▸ Task prompt
Transcribe exactly the lines below that begin at the line with "根據目前的預測,在所有大區中" and stop after the line with "Greedy Algorithms for", leaving out every picture.

▸ Source material
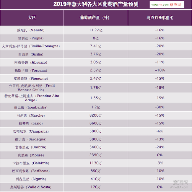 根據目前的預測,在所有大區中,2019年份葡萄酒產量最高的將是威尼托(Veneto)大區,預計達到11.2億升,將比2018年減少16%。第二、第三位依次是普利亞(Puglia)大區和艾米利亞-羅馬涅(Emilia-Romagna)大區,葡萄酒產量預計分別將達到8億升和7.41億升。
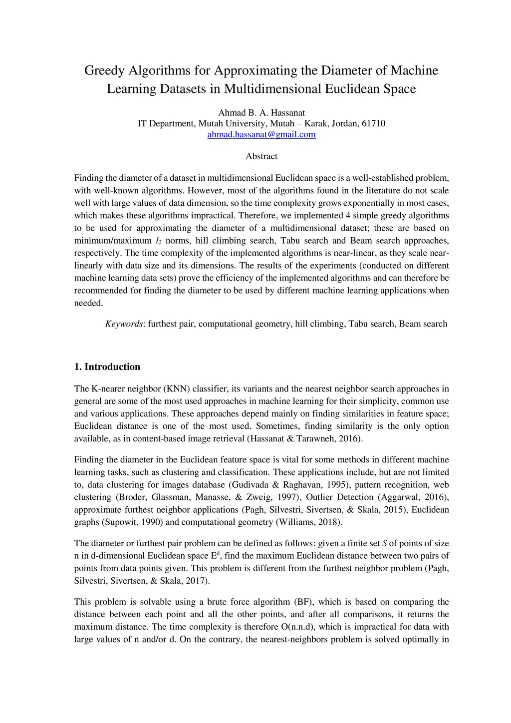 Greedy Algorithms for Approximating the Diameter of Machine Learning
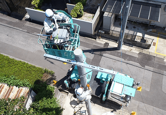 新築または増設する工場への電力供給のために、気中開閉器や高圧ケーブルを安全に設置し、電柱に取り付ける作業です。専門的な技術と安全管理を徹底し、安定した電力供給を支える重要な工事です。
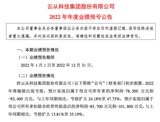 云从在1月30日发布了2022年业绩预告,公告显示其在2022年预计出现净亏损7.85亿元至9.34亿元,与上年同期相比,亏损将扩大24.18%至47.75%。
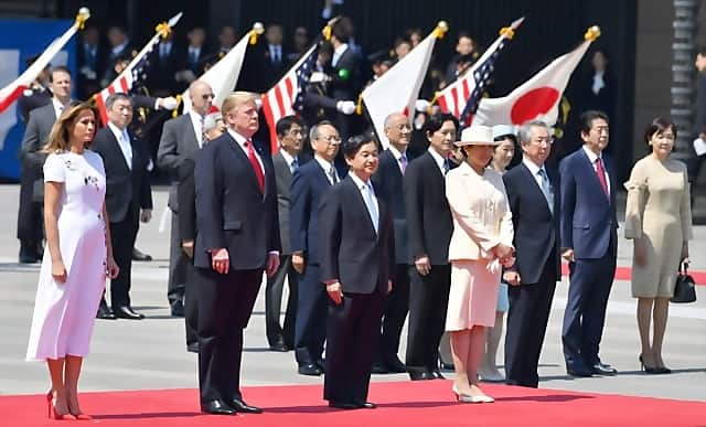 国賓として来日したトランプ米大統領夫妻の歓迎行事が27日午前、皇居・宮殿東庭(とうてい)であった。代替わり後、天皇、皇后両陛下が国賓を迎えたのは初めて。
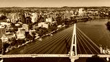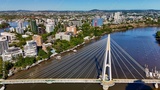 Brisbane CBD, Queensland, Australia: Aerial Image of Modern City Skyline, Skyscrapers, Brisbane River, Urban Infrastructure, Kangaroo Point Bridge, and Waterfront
==
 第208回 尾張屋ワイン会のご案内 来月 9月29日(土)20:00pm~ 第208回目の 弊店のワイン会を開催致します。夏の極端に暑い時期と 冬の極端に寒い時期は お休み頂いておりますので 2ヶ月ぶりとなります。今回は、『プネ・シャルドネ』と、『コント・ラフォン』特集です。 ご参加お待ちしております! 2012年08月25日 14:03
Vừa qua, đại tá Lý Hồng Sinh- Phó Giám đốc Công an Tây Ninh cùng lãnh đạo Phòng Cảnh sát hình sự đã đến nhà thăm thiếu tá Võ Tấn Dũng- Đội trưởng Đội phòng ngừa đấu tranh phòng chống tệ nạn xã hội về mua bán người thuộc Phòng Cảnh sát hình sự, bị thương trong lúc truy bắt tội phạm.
...
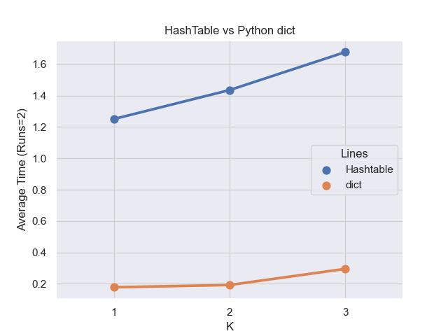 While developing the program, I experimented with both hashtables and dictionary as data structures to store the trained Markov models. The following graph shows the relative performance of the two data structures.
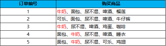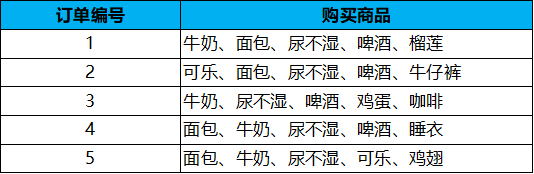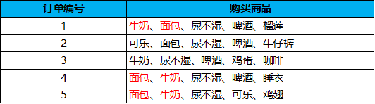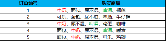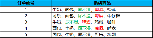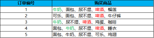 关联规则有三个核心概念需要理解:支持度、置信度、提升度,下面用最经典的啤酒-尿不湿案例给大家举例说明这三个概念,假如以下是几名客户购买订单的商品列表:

▸ Solution for this problem
 根據目前的預測,在所有大區中,2019年份葡萄酒產量最高的將是威尼托(Veneto)大區,預計達到11.2億升,將比2018年減少16%。第二、第三位依次是普利亞(Puglia)大區和艾米利亞-羅馬涅(Emilia-Romagna)大區,葡萄酒產量預計分別將達到8億升和7.41億升。
 Greedy Algorithms for Approximating the Diameter of Machine Learning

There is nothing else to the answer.